Las Vegas Metro salary data for 2012 now available at TransparentNevada

  • Tuesday, March 12, 2013

LAS VEGAS — Salary data for the Las Vegas Metropolitan Police Department, for the calendar year 2012, is now available at, a Nevada Policy Research Institute website that makes government-spending data easily accessible to taxpayers, NPRI announced today.

“The employees of Las Vegas Metro continue to be some of the highest compensated employees — public or private — in the Las Vegas Valley,” said Andy Matthews, president of NPRI. “In 2012, 149 employees took home more than $200,000 in total compensation, with one captain raking in over $585,000 in total earnings.

“One lieutenant cashed in for over $354,000 and an assistant sheriff received more than $294,000.”
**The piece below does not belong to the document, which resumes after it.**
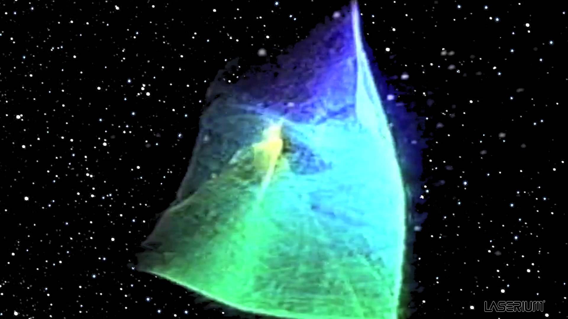 Description: A green and blue object in the dark sky with stars around it and a black background with white dots.

Matthews stated that, in 2012, 348 employees received over $175,000 in total compensation, and 888 employees took home over $150,000.

“These inflated salaries are the result of collective bargaining laws that favor politically powerful labor unions over the needs of taxpayers,” he said. “As we’ve seen before and are seeing again, right now, once it becomes apparent that such salaries are unsustainable, government unions start demanding that Nevada’s struggling families and businesses fork over even more.”
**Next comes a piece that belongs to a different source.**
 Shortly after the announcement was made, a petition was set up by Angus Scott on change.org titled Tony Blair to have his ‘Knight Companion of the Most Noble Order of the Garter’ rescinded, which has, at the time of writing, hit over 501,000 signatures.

Matthews noted that the release of the salary data comes as Las Vegas Metro brass wants the Nevada Legislature to authorize a quarter-cent increase in the sales tax and give the department “flexibility” in spending that money. Originally in 2004, tax increase proponents had pledged that the sales tax increase would only be used to hire new officers.
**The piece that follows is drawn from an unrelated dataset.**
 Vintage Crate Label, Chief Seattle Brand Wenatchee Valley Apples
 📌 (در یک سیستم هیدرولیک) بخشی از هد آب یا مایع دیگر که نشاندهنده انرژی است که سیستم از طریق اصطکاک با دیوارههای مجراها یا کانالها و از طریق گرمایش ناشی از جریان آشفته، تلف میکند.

“Las Vegas Metro’s budget problem flows directly out of its inflated salaries,” said NPRI’s president. “Just last year, it paid three police sergeants a combined $1.09 million, while spending over $140,000 each on 1,343 employees.

“Just as you wouldn’t give more alcohol to a drunk, you shouldn’t give more money to a government agency with a spending problem enabled by a bad collective-bargaining law. To really fix what’s wrong with Metro’s budget, reform or eliminate NRS 288 — the 44-year-old law that is the root of the problem.”

Matthews observed that in 2005, Metro police officers received a new union contract from the county that included a 21.8 percent, across-the-board pay hike over four years.

He also noted that Metro annually spends over $1.8 million paying police officers and other employees to work for private organizations — unions — instead of protecting taxpayers.

“Union leave time is an outrageous and unconstitutional use of tax dollars,” said Matthews. “While Metro brass threatens the public — saying citizens will be even less safe without a tax increase — they pay certain officers over $1.8 million to sit on their behinds and work full-time for taxpayer-gouging private associations.

“Here is an alternative solution for lawmakers: Make taxpayer-subsidized union leave time illegal. Not only would this save taxpayers money, it would also put more officers on the streets.”

The release of the salary data comes during Sunshine Week, March 10-16, a nationwide effort to highlight the importance of governmental transparency.

“It’s appropriate that this information is made available to the public during Sunshine Week, which highlights the need for transparency in government,” said Matthews. “Even a casual glance at the Metro salary data now available at TransparentNevada shows that excessive salaries are behind Metro’s budget difficulties.”